It is common to hear foreigners who live in different regions of the Arab world say “how to learn Arabic speaking?” for different reasons and objectives:
- To facilitate life obligations, as they will eventually meet people who do not speak English.
- Have small talks with colleagues.
- Build personal relationships.
- Learn more about the culture through engaging with natives.
And the list goes on. So, is it possible to learn how to speak Arabic fluently, especially if you have no interest in other skills such as reading and writing? Yes!
First, what is Conversational Fluency?
It is the ability to hold conversations in any given topic in a specific language, with very minor to no grammatical mistakes or misuse of vocabulary and phrases within a context. You might be interested in simply being “Conversational” which indicates the ability to communicate but at a lower level than being fluent or reaching native-level fluency in Arabic. So, how can you achieve that?

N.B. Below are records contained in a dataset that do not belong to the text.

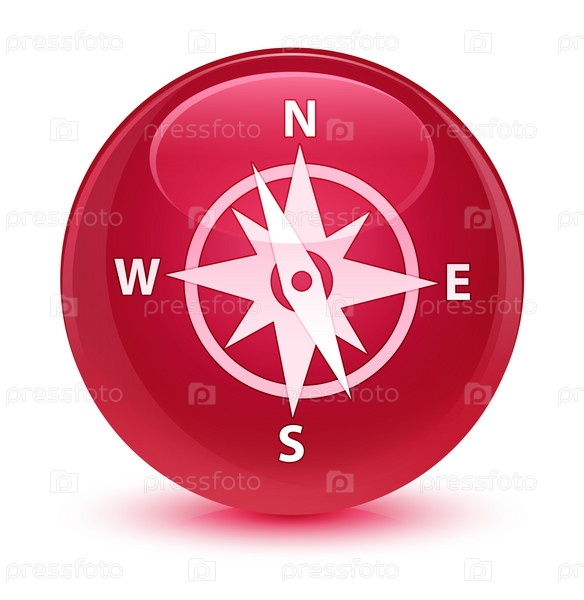 Икона компаса стеклянная розовая круглая кнопка
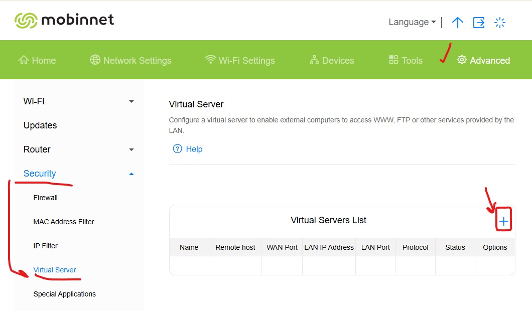 - وارد بخش advanced و زیرشاخه security و virtual server شوید
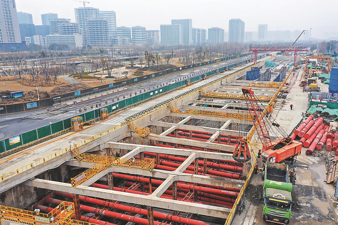 2月8日,南京地铁11号线一期已经开工的17座车站已全部复工。图为繁忙的绿水湾站施工现场。 本报记者 赵亚玲 摄
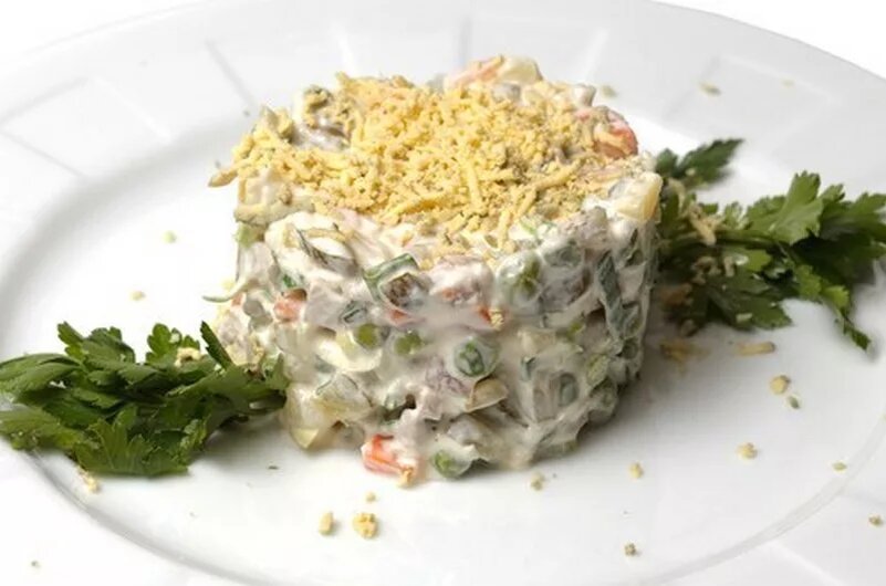 Для украшения салата можно использовать петрушку, зеленый лук и яйцо. Если вы хотите добавить какой-то новый вкус, можете попробовать добавить говядину или яблоки.
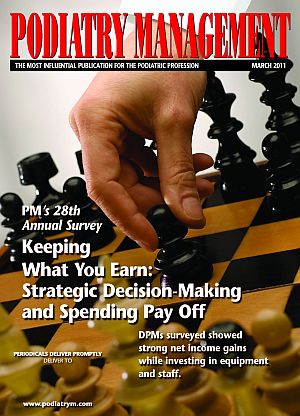 We've just mailed the March 2011 issue of Podiatry Management. This 220-page special Annual Survey issue includes our cover story, "Keeping What You Earn: Strategic Decision-Making and Spending Pay Off," a roundtable discussion, "Degree Change: Has Its Time Come?" as well as an assortment of features, including our informative columns, and a CPME-approved CME.
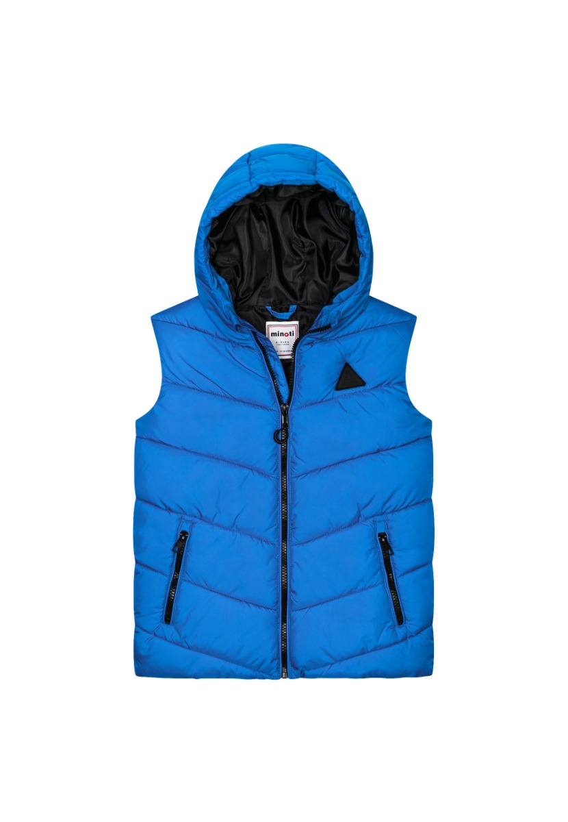 Vesta cu gluga, inchidere cu fermoar, buzunare si detaliu frontal, albastru. Material: 100% poliester
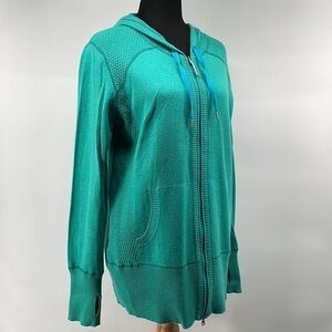 EDDIE Bauer light weight knit hoodie full zip camping hiking outdoors sz lg
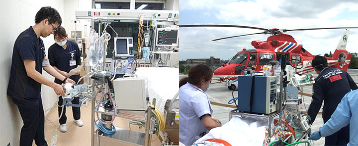 当院では,院内急変患者発生時に,当科の医師・看護師からなる急変対応チーム(medical emergency team; MET)が出動し治療を行うRapid Responseシステムが確立していますが,院内心停止症例に対してECMOが必要であれば,METが迅速にEMCOを導入します.一般病棟やCT室で導入することもあります.また当院は,心臓血管外科を中心に補助人工心臓(ventricular assist device; VAD)を用いた重症心不全の外科治療にも積極的に取り組んでおり,また,呼吸器外科を中心として肺移植も行っています.当科では,それらの症例に対するECMOを含む人工補助療法を駆使した集中治療も行っています.
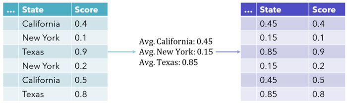 留一法(Leave-one-out)编码试图通过计算平均值(不包括当前行值)来弥补对 y 变量的依赖以及值的多样性。这使异常值的影响趋于平稳,并创建更多样化的编码值。
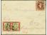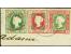 2 Schilling in Mischfrankatur mit gezähnter Ausgabe ½ Schilling hellolivgrün/karmin im waagerechten Paar und 1 S. karmin/gelblichgrün im Viererstreifen, alle farbfrisch, mit mehrfach sauber aufgesetz...
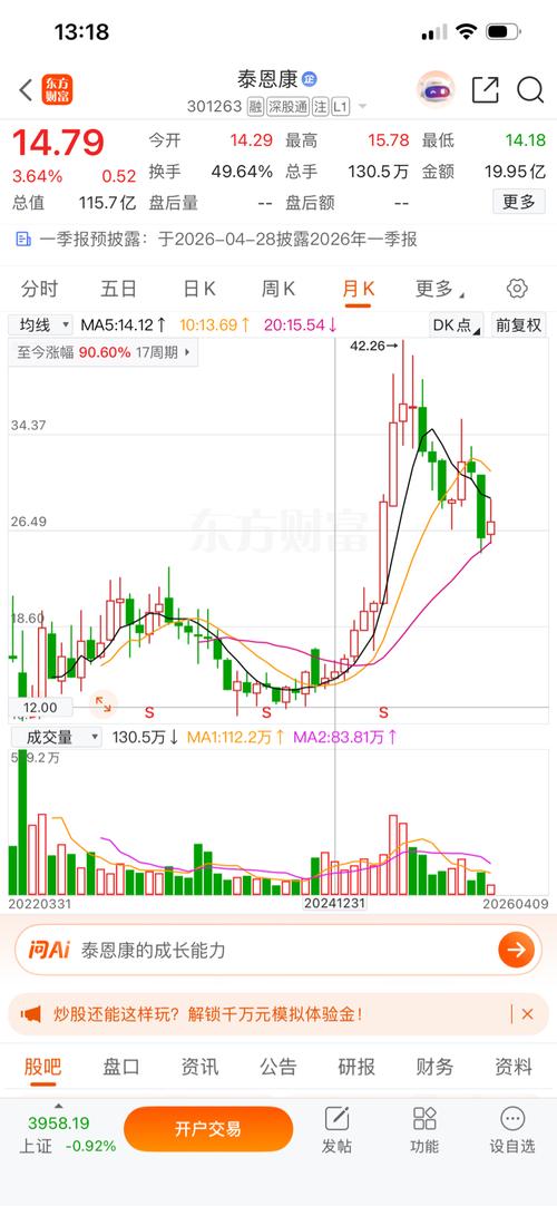 $泰恩康(SZ301263)$这立机等418一季报业绩雷完了再找鸡会吧!
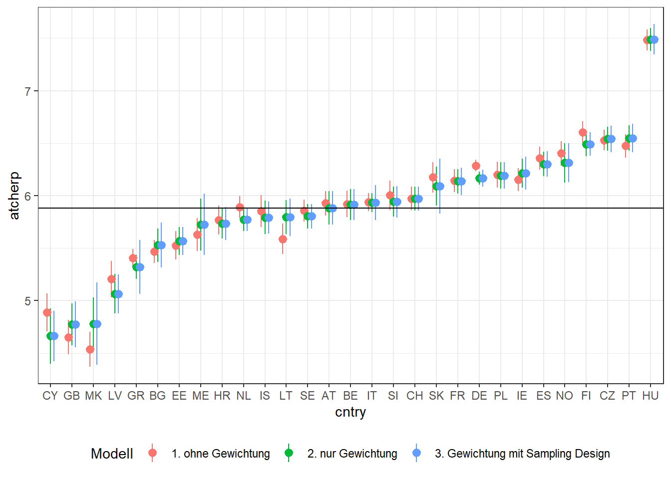 df$cntry <- forcats::fct_reorder(df$cntry, df$atcherp)Jetzt kann ich die Vergleichsgrafik mit ggplot() erstellen:
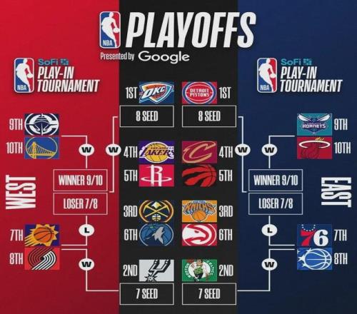 附加賽規(guī)則為第七與第八打一場(chǎng),勝者以7號(hào)種子身份晉級(jí)季后賽;輸家,和第九與第十之間的勝者再打一場(chǎng)附加賽,從而爭(zhēng)奪8號(hào)種子季后賽希望。

One-on-one personal Arabic coach/tutor:
I believe that general Arabic teaching courses with multiple students involved might be tricky. It can be useful so you will get the chance to speak with your classmates, however, with +20 students, you might not get the focus you need to reach the proficiency you desire. You will avoid the frustration of not getting the chance to express yourself in class or the limited time you get to participate. Your preferably native-Arabic tutor can help you stay motivated, break the fear of initiating, and gain more confidence through very focused feedback.
Arabic focused content:
Some people find it hard to learn speaking a language because of the amount of pressure they feel to see the results. Instead of focusing on “learning” Arabic, you can start learning how to speak Arabic through your interests and hobbies: For example, if you enjoy biking or hiking, you can push yourself to do these activities with Arabic native-speakers, or use social media to reach out to people who share that interest with you. In that case, the subjects of communication can revolve around these interests you share, you will learn not only vocabulary but also idioms and how they are used within the context while still be interested in what’s being said. Don’t shy from asking questions and expressing your desire to learn how to speak Arabic!
Practice speaking Arabic as much as you can!
Try to set a specific amount of conversations you aim to hit regularly. We are creatures of habits, the more you speak Arabic, the easier it gets. You might lack the confidence, I understand, you can start by listening to Arabic audios and imitating and shadowing everything the speaker is saying. Get more used to decoding the words and absorbing Arabic consonants and vowels, how are they pronounced, how words are used in context. The more you shadow, your brain will start programming itself into moving to the next step: having real-life conversations!